### TASK INPUT
┌──

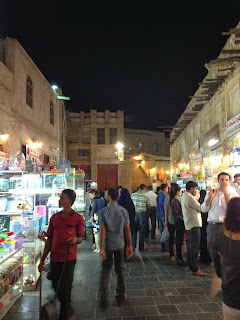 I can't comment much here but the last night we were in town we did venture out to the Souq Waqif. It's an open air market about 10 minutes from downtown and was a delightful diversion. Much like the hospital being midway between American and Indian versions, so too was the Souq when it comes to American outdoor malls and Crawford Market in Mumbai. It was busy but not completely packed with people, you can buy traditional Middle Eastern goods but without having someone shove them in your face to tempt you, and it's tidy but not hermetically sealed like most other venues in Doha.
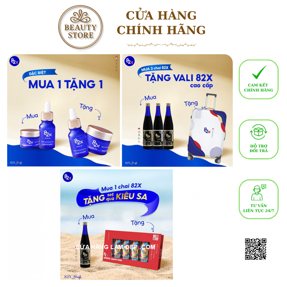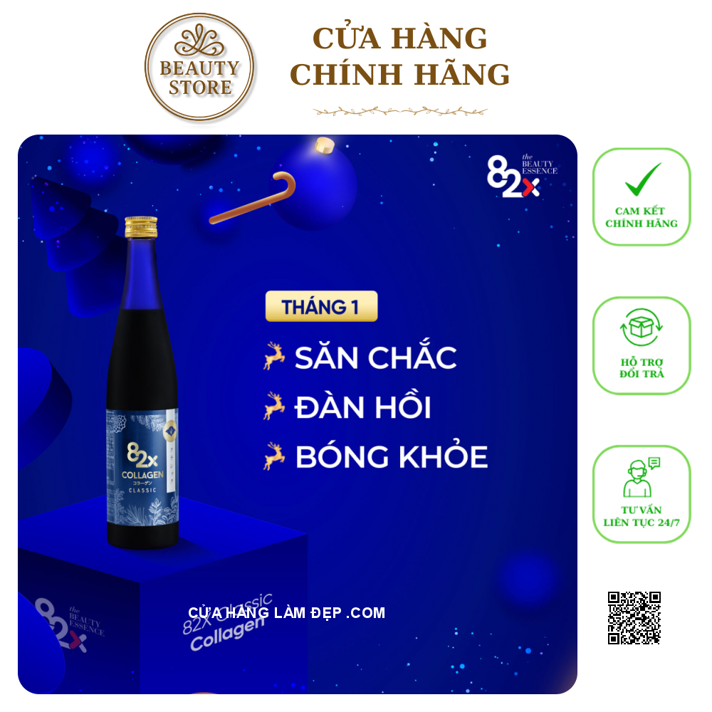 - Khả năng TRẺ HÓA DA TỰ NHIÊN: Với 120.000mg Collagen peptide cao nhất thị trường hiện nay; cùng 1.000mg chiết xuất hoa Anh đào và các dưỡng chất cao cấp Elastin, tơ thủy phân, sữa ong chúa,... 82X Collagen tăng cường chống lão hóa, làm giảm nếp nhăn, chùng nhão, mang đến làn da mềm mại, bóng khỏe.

└──
┌──

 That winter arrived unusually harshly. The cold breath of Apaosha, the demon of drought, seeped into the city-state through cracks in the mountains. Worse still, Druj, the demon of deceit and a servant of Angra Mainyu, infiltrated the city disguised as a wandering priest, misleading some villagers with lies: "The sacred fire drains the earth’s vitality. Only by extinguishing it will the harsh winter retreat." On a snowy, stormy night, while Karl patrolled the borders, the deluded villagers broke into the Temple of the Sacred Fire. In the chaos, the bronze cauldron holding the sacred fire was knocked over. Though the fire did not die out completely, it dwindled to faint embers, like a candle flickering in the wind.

└──
┌──

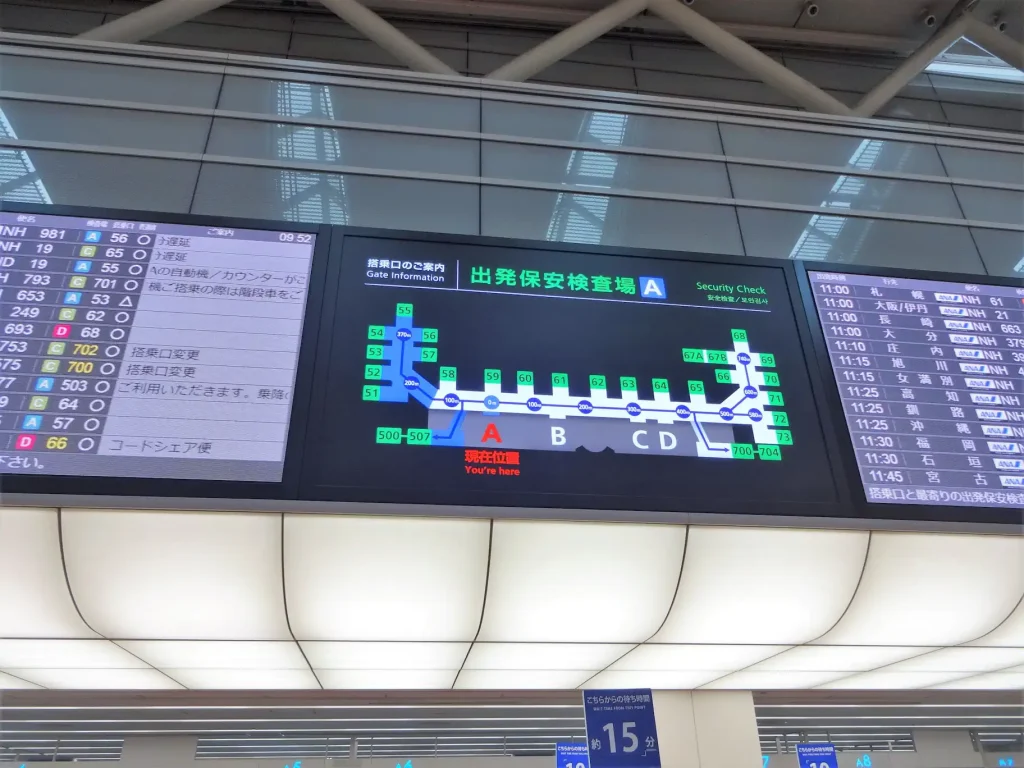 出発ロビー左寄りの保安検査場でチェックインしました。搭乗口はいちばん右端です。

└──

### YOUR OBJECTIVE
Each line above starting at the one holding "I can't comment" and ending at the one holding "- Khả năng TRẺ" should be set down exactly as it stands, both ends included, with no pictures.

### THE COMPLETED TASK
 I can't comment much here but the last night we were in town we did venture out to the Souq Waqif. It's an open air market about 10 minutes from downtown and was a delightful diversion. Much like the hospital being midway between American and Indian versions, so too was the Souq when it comes to American outdoor malls and Crawford Market in Mumbai. It was busy but not completely packed with people, you can buy traditional Middle Eastern goods but without having someone shove them in your face to tempt you, and it's tidy but not hermetically sealed like most other venues in Doha.
 - Khả năng TRẺ HÓA DA TỰ NHIÊN: Với 120.000mg Collagen peptide cao nhất thị trường hiện nay; cùng 1.000mg chiết xuất hoa Anh đào và các dưỡng chất cao cấp Elastin, tơ thủy phân, sữa ong chúa,... 82X Collagen tăng cường chống lão hóa, làm giảm nếp nhăn, chùng nhão, mang đến làn da mềm mại, bóng khỏe.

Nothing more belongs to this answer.